Ocean dead zones are ocean regions where the amount of oxygen dissolved in the water has fallen so low that most or all marine life is incapable of surviving and has either died or fled to nearby, more oxygen-rich areas. There are currently several hundred known dead zones around the world, ranging from less than a square mile to tens of thousands of square miles in surface area.

– About Dead Zones –

Dead zones can result when the number of basic chemical nutrients in the water increases to the level that eutrophication occurs, in  which enormous blooms of single-celled and plant-like organisms such as algae occurs, using up available oxygen. (Algae do produce oxygen through photosynthesis to an extent during the day, but consume more through respiration at night, and through decomposition after they die.) The result is that oxygen in the area is drawn out of the water, leaving less available for other marine life. If oxygen levels fall far enough, then marine life is unable to survive on what remains. The process would be exactly analogous to what surface life, including humans, would suffer if oxygen were somehow drawn out of the atmosphere.

Although algae blooms are a well-understood natural cause of oxygen depletion, it is believed that an increase in dead zones in recent times is also the consequence of human alteration and pollution of the environment. In particular, chemicals released into the water via fertilizer, sewage, and city waste can cause dead zones or eutrophication (the process described above).

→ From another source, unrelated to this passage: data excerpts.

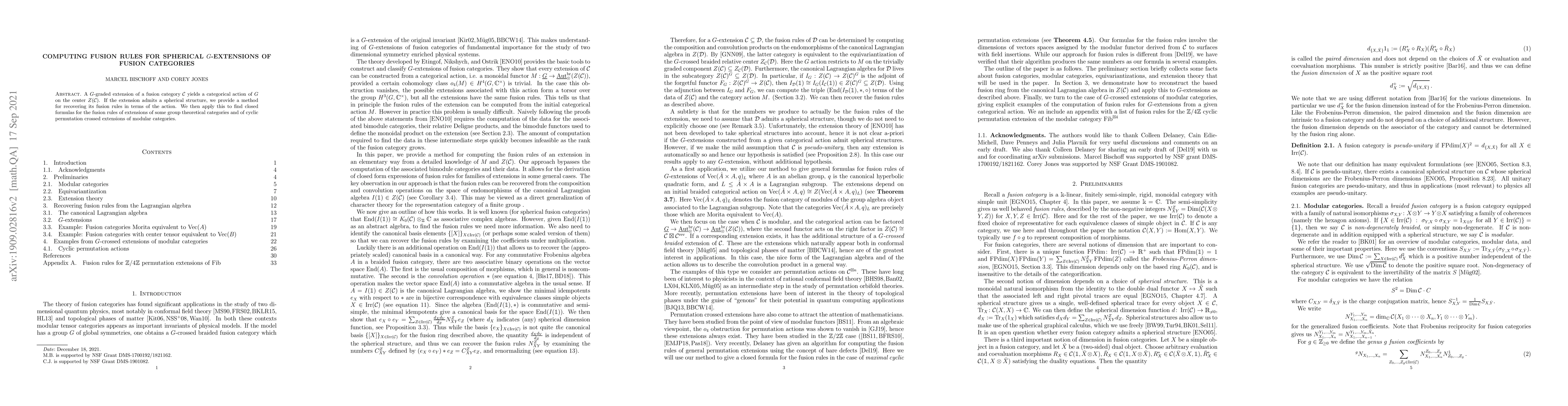 A $G$-graded extension of a fusion category $\mathcal{C}$ yields a categorical action of $G$ on the center $Z(\mathcal C)$. If the extension admits a spherical structure, we provide a method for recovering its fusion rules in terms of the action. We then apply this to find closed formulas for the fusion rules of extensions of some group theoretical categories and of cyclic permutation crossed extensions of modular categories.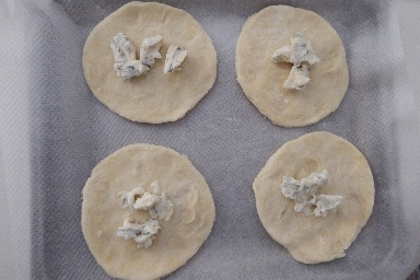 Legen Sie in die Mitte jedes Kreises Stücke von Gorgonzola oder einem Weichkäse Ihrer Wahl
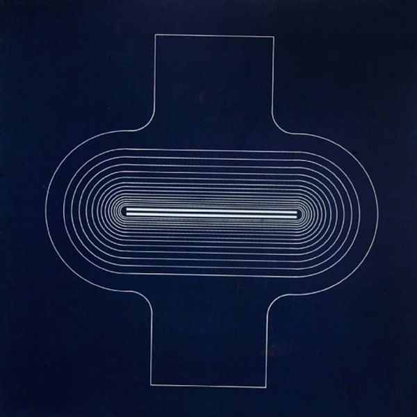 Tony DeLap's ‘Tenkai’ presents a captivating interplay of linear forms, set against a serene blue backdrop. The most striking feature is the pair of vertical, capsule-like shapes, nested within a circle, each delineated by a multitude of fine, arching lines. These forms, while seemingly abstract, echo motifs found across cultures. Think of the paired pillars in ancient temples, symbolizing balance and passage, or even the more modern interpretation of portals and pathways. The layered lines resonate with the concept of a labyrinth, or a complex journey, reflecting the human psyche's inherent quest for meaning. The arrangement invites us to delve deeper, stirring something primal within our collective memory. The circle, a timeless emblem of unity and infinity, contrasts with the parallel lines, creating a tension that is both visually and emotionally engaging. This echoes the eternal dance between the finite and the infinite. It is a testament to the enduring power of symbols, reappearing across different epochs, continually reshaped, and reinterpreted through the lens of human experience.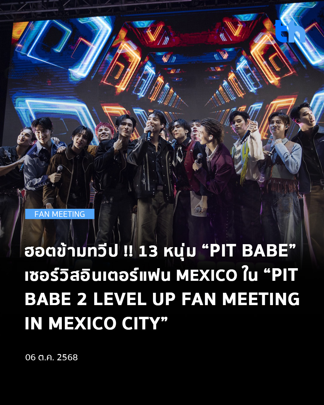 สร้างปรากฏการณ์ความฮอตข้ามโลกอย่างน่าภาคภูมิใจให้กับวงการซีรีส์วายไทย สำหรับ “PIT BABE 2 LEVEL UP FAN MEETING IN MEXICO CITY” ที่ 13 หนุ่มนักแสดงนำจาก “PIT BABE THE SERIES 2” ได้แก่ พูห์ กฤติน ,พาเวล นเรศ , สายลับ เหมวิช , ภณ ธนภณ , ปิง โอบนิธิ, นัท ศุภณัฐ, เบนซ์ อัทธ์ธนิน , กาฟิวส์ พันธุ์ธัช , ไมเคิล เกียรติศักดิ์, ท๊อปเทน ศุภกรณ์, ป๊อป ภัทรพล, ลี อัสรี และมิ้ล ณัฐชนน เดินทางไกลกว่า 20,000 กิโลเมตร ใช้เวลากว่า 30 ชั่วโมง จากประเทศไทยสู่เม็กซิโก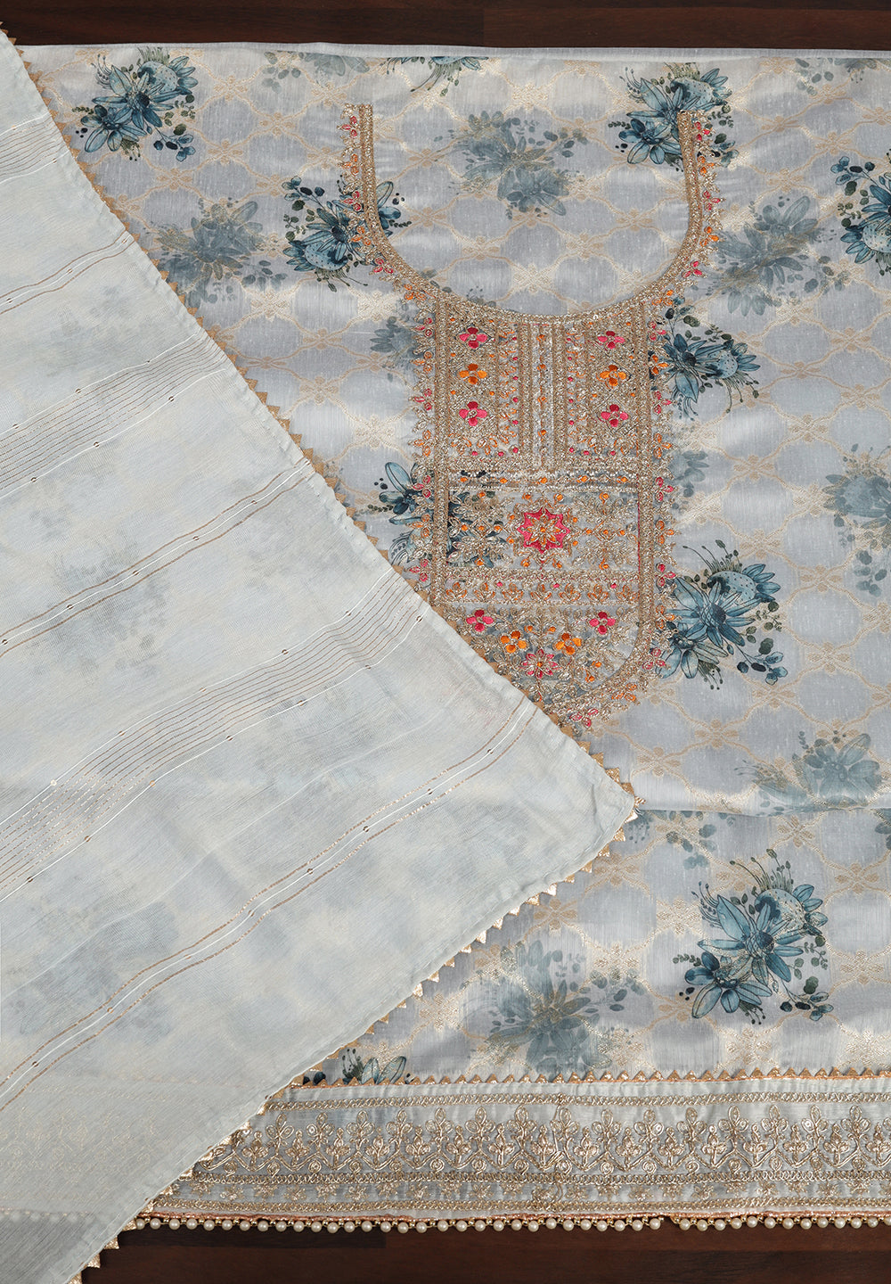 - Experiment with Dupattas: Pair your suit with a contrasting Banarasi, organza, or net dupatta to elevate the overall look.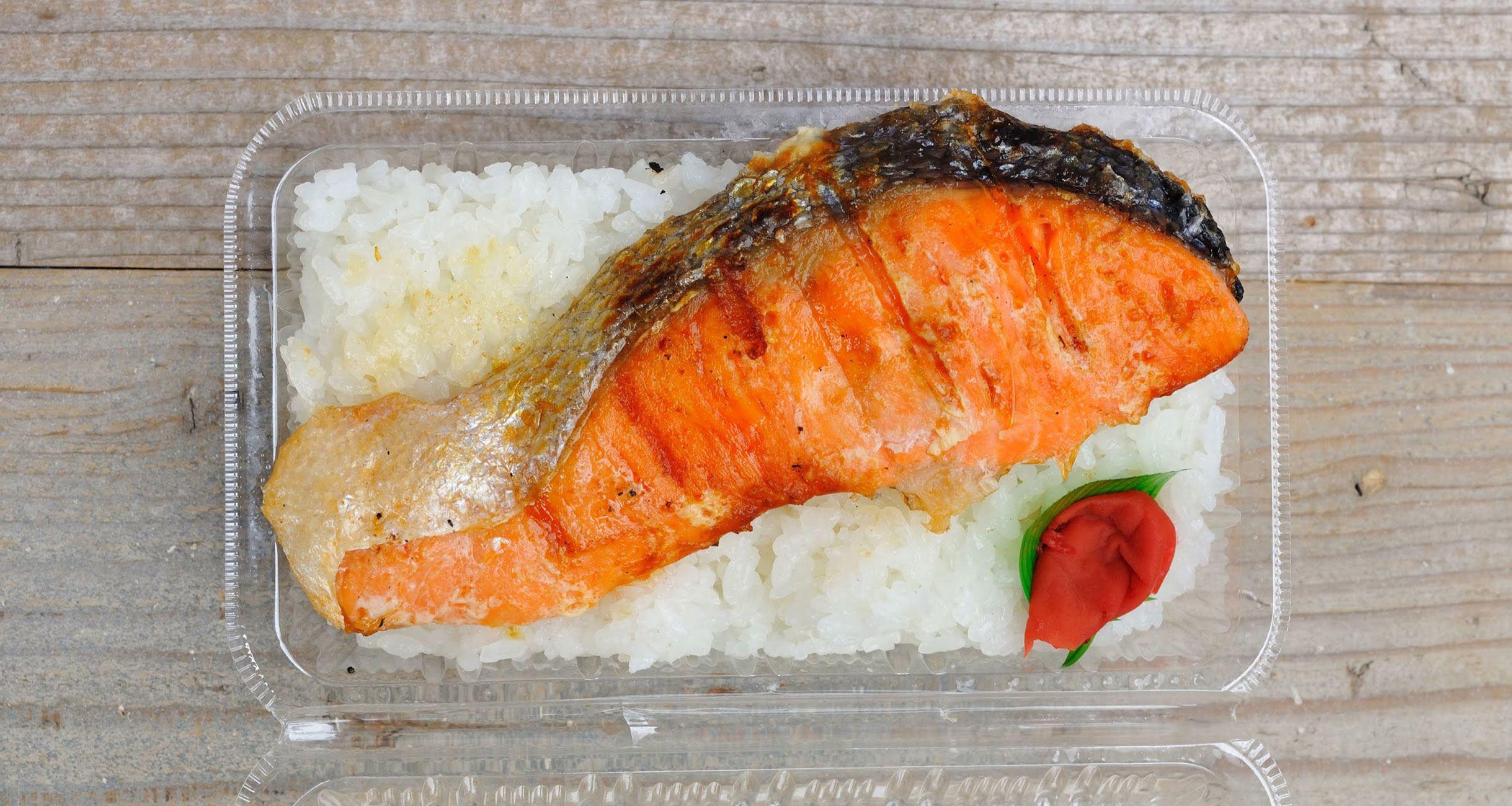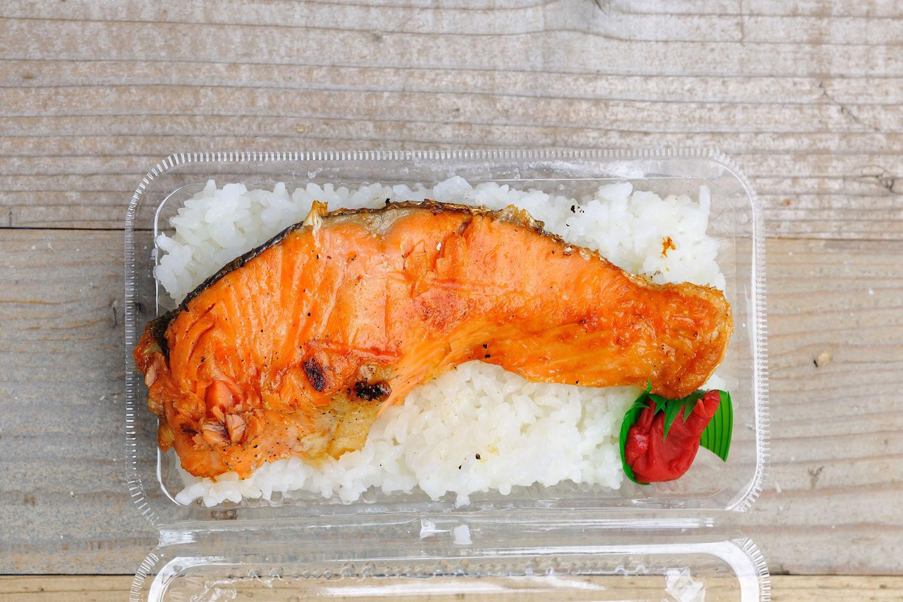 盛り付けは甫さんが再登場。ご飯には“はえぬき”や“つや姫”など、冷めても美味しく艶やかで甘みのある米を選んでいると夫婦で目を輝かせて言う姿にプライドを感じる。炊きたてのほかほかを220グラム計ってパックに詰め、そこに焼きたての鮭をのせる。さらにはこの弁当の味わいに合う紀州梅干を添えて蓋を閉め、輪ゴムでパチン。熱々のご飯には、鮭の脂がしっとり染み込む。また、蓋をすることで鮭の身がご飯の湯気で少し蒸された状態になる。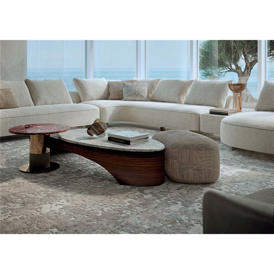 The design of this curved piece of furniture embraces the elegance and fluidity of its forms. Its shape makes it perfect for use with the Gregg and Leda small tables, and it conveys a sense of harmony to the rooms where it is placed.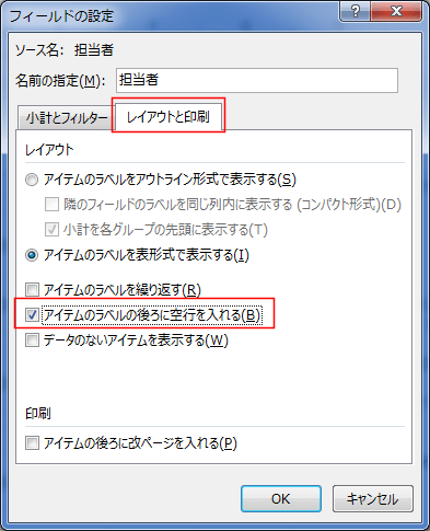 - [レイアウトと印刷]タブを選択して、「アイテムのラベルの後ろに空行を入れる」にチェックを入れます。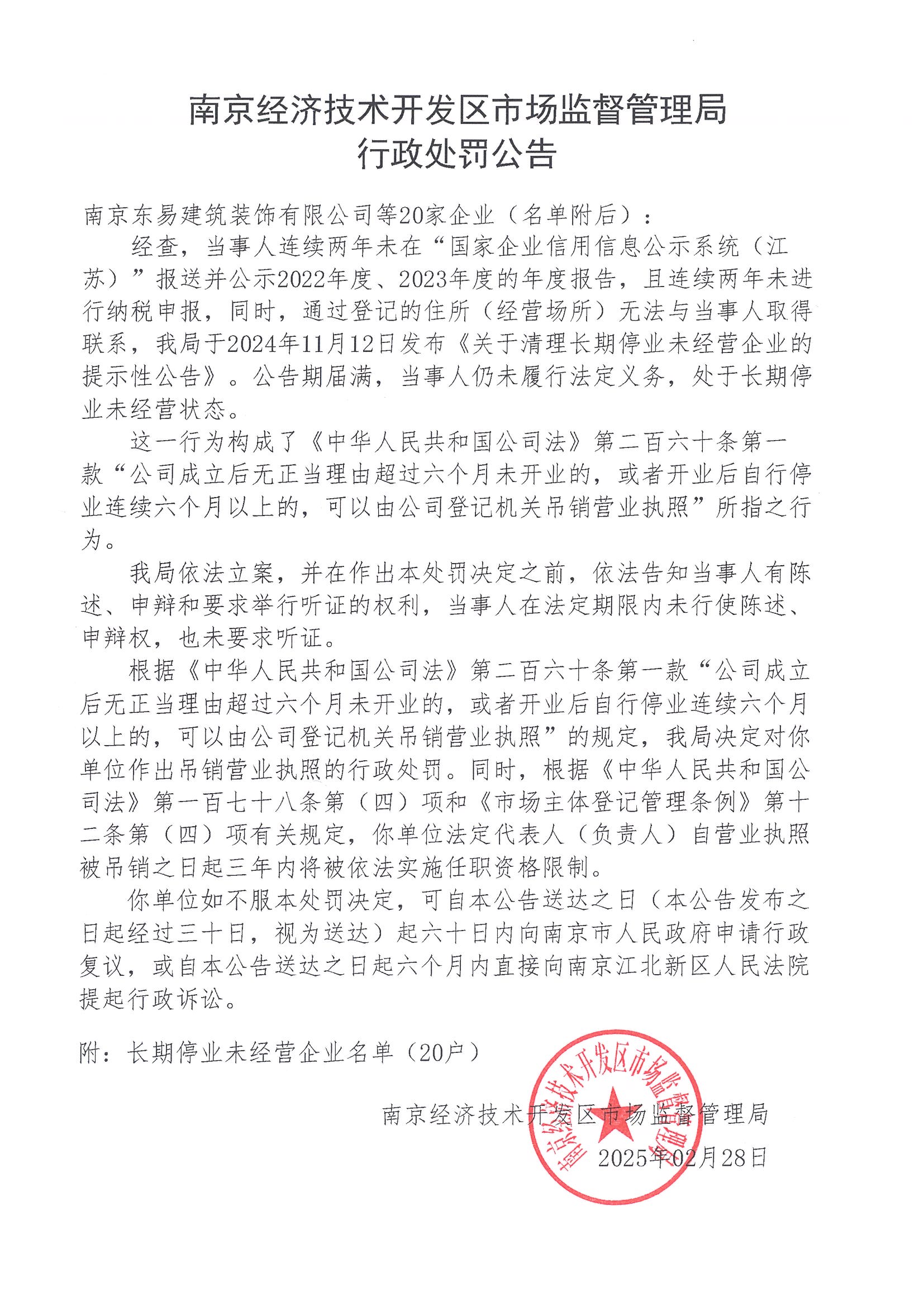 | 信息名称: | 南京经济技术开发区市场监督管理局行政处罚公告 | ||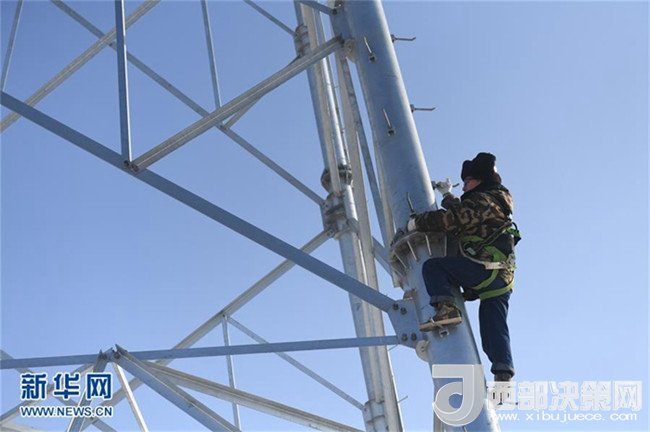 1月26日,國(guó)家電網(wǎng)長(zhǎng)春供電公司輸電運(yùn)檢室?guī)щ娮鳂I(yè)班班長(zhǎng)楊忠武徒手爬上高壓線塔。新華社記者 張楠 攝

There is, of course, a considerable range of increasingly severe effects resulting from lowering oxygen levels, rather than a simple “termination” point. As oxygen levels fall, the evidence suggests that fish reproductive rates decline. Fish and fast-moving animals probably move toward oxygen-rich areas where possible, but small bottom-dwellers, like clams and lobsters, as well as animals naturally found in large and more-or-less immobile colonies, would not be able to relocate in the same way and, if oxygen levels fall far enough, must perish.

Several hundred dead zones have been identified in oceans around the world. These include dead zones in the northern Gulf of Mexico, the Pacific Northwest, and parts of the Black Sea, the latter of which is a natural phenomenon resulting from stagnant water. Those which attracted the most early concern were in the Chesapeake Bay, U.S., the Kattegat strait in Scandinavia, and elsewhere. Where the Mississippi deposits the detritus of Midwest agriculture into the northern Gulf of Mexico, a gargantuan dead zone has developed which spans over 8500 square miles. The Gulf of Mexico will likely develop another massive dead zone as a result of the BP oil spill at Deepwater Horizon, oil plumes from which will have a devastating effect on marine life.

Where dead zones are a product of human pollution, in theory they can be mitigated or even eliminated through conservation efforts. The Black Sea itself became largely a dead zone as a result of fertilizer pollution during the Soviet era, but has recovered to a considerable extent since the Soviet collapse took with it much of the agricultural activity which affected the sea. European and North American pollution control efforts have also had some success reducing dead zones resulting from pollutants running out to sea via major rivers.